Climate change affects a wide range of business chains including the customers (Gasbarro, et al., 2014). The major aim of this report is to find out whether climate change is integrated into your business strategy. Based on whether climate change is integrated in the business strategy, an analysis of whether the business has included other climate related developments, whether the business includes physical climate and whether the business includes regulations have also been done.
These variables are all categorical in nature. Suitable analyses have been done to achieve the objective. The statistical tools used for analyses are excel and SPSS. An explanation for each of the results or outputs are well discussed to bring out the main objective of this report. The report is based on stakeholder theory.
Literature Review
Climate change is the change in the ecological system over a long period over time (Misani & Pogutz, 2015). Climate is a result of a long term change in the weather conditions and it affects all aspects of human life including business.
According to (Gasbarro, et al., 2014), climate change is described as one of the most threatening hazards of the present time. Climate change is forecasted to be causing devastating effects to the businesses and companies in the twenty first century if it is not well managed by a company. This is a good reason for conducting a study to establish whether companies are prepared for such impacts by integrating climate change.
Climate change can affect various departments in a company. According to (Doda, et al., 2015), impacts of climate change cuts across, finance, human capital, customers, science and technology and the field of science. This implies that for a company looking forward to make meaningful profits, then they have to integrate climate change in their business strategy.
The need for integrating climate change and other climate related developments into the strategies of a business is further strengthened by (Misani & Pogutz, 2015). According to this article, climate change is one of the goals of the United Nations. There is a need to integrate climate change and other climate related developments into a business as a goal to ensure sustainable development of a company (Doda, et al., 2015).
Stakeholder theory address the values and morals of the management of an organization (Dale, et al., 2011). In order to ensure proper integration of climate change and other climate- related developments, the management of a company must have values that supports the idea and the future of the company in relation to climate change (Madeleine, et al., 2008).

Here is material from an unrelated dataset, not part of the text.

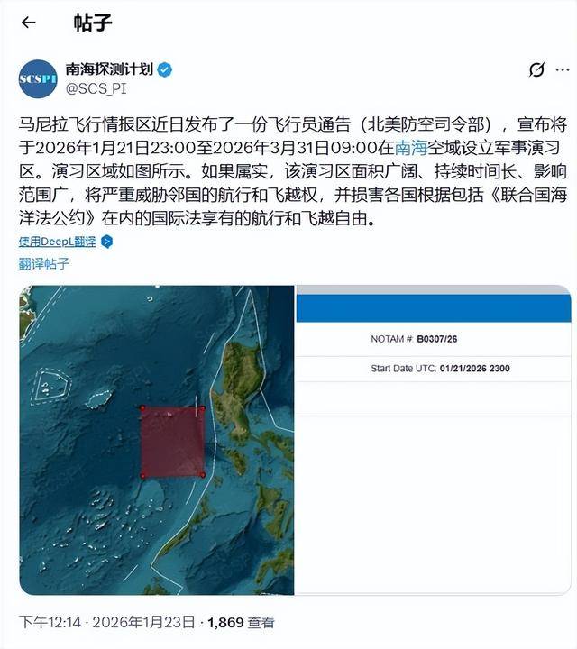 23日,智库“南海战略态势感知计划”注意到,菲律宾马尼拉区域管制中心于1月21日发布了一份航空通告,宣布从1月21日23点至3月31日9点,包括我国黄岩岛在内、飞行高度层约19000英尺的部分南海空域被划设为军事演习区,民用航空器需要注意避让,未经许可不得飞入。

A management that values the various stakeholders of the company will carry out a thorough evaluation to determine the various stakeholders that are affected or are likely to be affected by a change in climate (Miles & Samantha, 2011). Therefore, such a management will definitely integrate climate change and other climate related developments in the strategies of the company (Miles & Samantha, 2012).
Moreover, the company should evaluate its operations. A company should clearly evaluate whether their business contributes to the changes in climate (Hulme, 2016). Similarly, a company should evaluate whether its operations or existence fuels a cause of climate change (Vittorio, 2010). In the event that a company fuels climate change, then the management should be responsible enough to find out the best ways to integrate climate change in its operations (Humes, 2013).
Conceptual Model
Conceptual model outlines the relationships among the four variables (Frankfort-Nachias, 2015). One of the variables is the dependent variable and the other is independent variable. The other two variables are control variables. An independent variable explains dependent (Jackson, 2017). A dependent variable on the other hand is the variable that is being explained by the independent variable (Richard, 2015).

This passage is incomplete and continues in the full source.